No solo se hundieron las catacumbas, parte del templo de Madre cayó por un hoyo desmoronándose toda su belleza. Las vidrieras crujían al exterior. El derrumbe de la fachada principal sepultó a un par de docenas de guardias que habían bajado a por nosotras.
Pero, la estatua de Madre siguió intacta, como si ella misma se hubiese protegido, o como bastión de la esperanza de los Burdos, ella siguió de pie, esparciendo la cura de los Luceros desde su corona de reina de los cielos.
Yo seguí corriendo escaleras abajo. Sin luz, ni guía más que la se Nin. Seguí y seguí hasta que reconocí el olor fétido subiéndome por las narices. Las alcantarillas se abrieron ante mí. Zuala y Furia me esperaban en una zona seca.
En verme las dos se me echaron encima. Las tres respirábamos agitadas. Solté un chillido entre sus brazos, un grito de miedo, presión, rabia y alivio al mismo tiempo. Ni siquiera entendía cómo había logrado derrumbar ese lugar, pero, nos habíamos salvado de esa.
—Por el brillo de Madre... —rezó Zuala apretándome contra su pecho—. Ni se te ocurra volver a hacer algo así, muchacha.
—Volvamos arriba. No sé en qué parte estamos de la ciudad —comentó Furia mirando arriba.
Se escuchaban correteos de guardias por las tapas de las alcantarillas cercanas. Vi como las aguas se movían cerca de nosotras... Y reconocí esa cola asquerosa de mis amigas las ratas-anguilas. Y se me ocurrió que era un buen momento de devolverlos a los Burdos sus experimentos de laboratorio con animalitos.

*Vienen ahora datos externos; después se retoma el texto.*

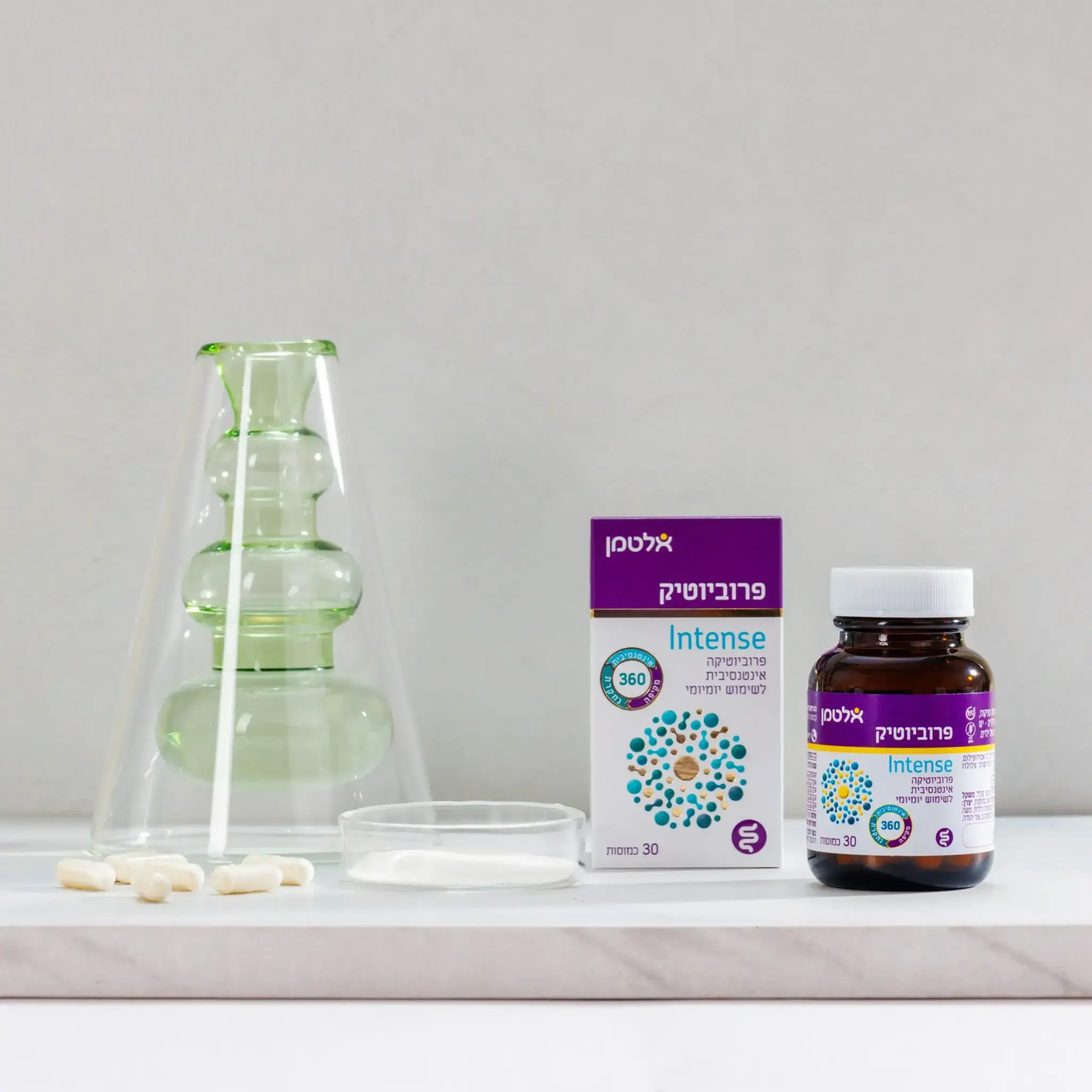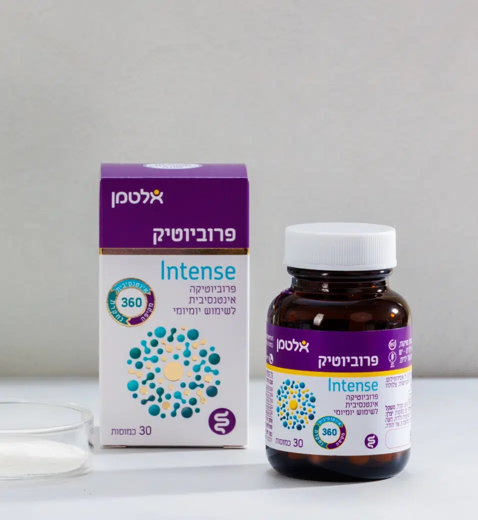 פרוביוטיקה לפעילות אינטנסיבית המיוצרת בטכנולוגיה פטנטית- Bio Protector. פרוביוטיק אינטנס מכילה את הפורמולה הפרוביוטית HOWARU® restore אשר נחקרה קלינית. כל כמוסה מכילה 25 מיליארד חיידקים מחמישה זנים שונים, עם זן הלקטובצילי L. acidophilus NCFM הנחקר בעולם Bio Protector טכנולוגית ייצור פטנטית בעלת פעילות הגנה ביולוגית המבטיחה חיי מדף ארוכים על ידי: -שמירה על יציבות החיידקים והגעתם אל המעי. -הגנה על החיידקים הפרוביוטים מפני חדירת לחות מהסביבה.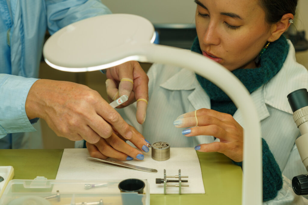 换上工作服后,您将开始使用传统工具和方法组装自己的钟表。无需任何经验。小班授课确保师生比例保持在1:2,从而提供充足的个人指导。这些工匠将全程指导您完成每一个复杂的步骤,从齿轮校准到表盘定位,并分享专业技艺和故事。

Metí la mano en esas aguas turbias, malolientes y asquerosas. Dibujé el símbolo de las dos olas: El agua.
—¿Puedes ayudarme? —pregunté a Zuala—. No tengo fuerzas para todo. Hay que levantar el nivel y sacar toda el agua que podamos hacia la ciudad.
—Oh, será un verdadero placer —afirmó ella.
Con un gruñido, quejándose del pecho se agachó a mi lado e imitó el dibujo que yo había hecho sobre la superficie del cauce del alcantarillado. Cerré los ojos, sentía como me fallaban los parpados, estaba agotada, me habían robado parte del alma en ese templo. Pero respiré ese ambiente pútrido e insalubre y recé:
—Sigue nuestras órdenes, inunda la ciudad.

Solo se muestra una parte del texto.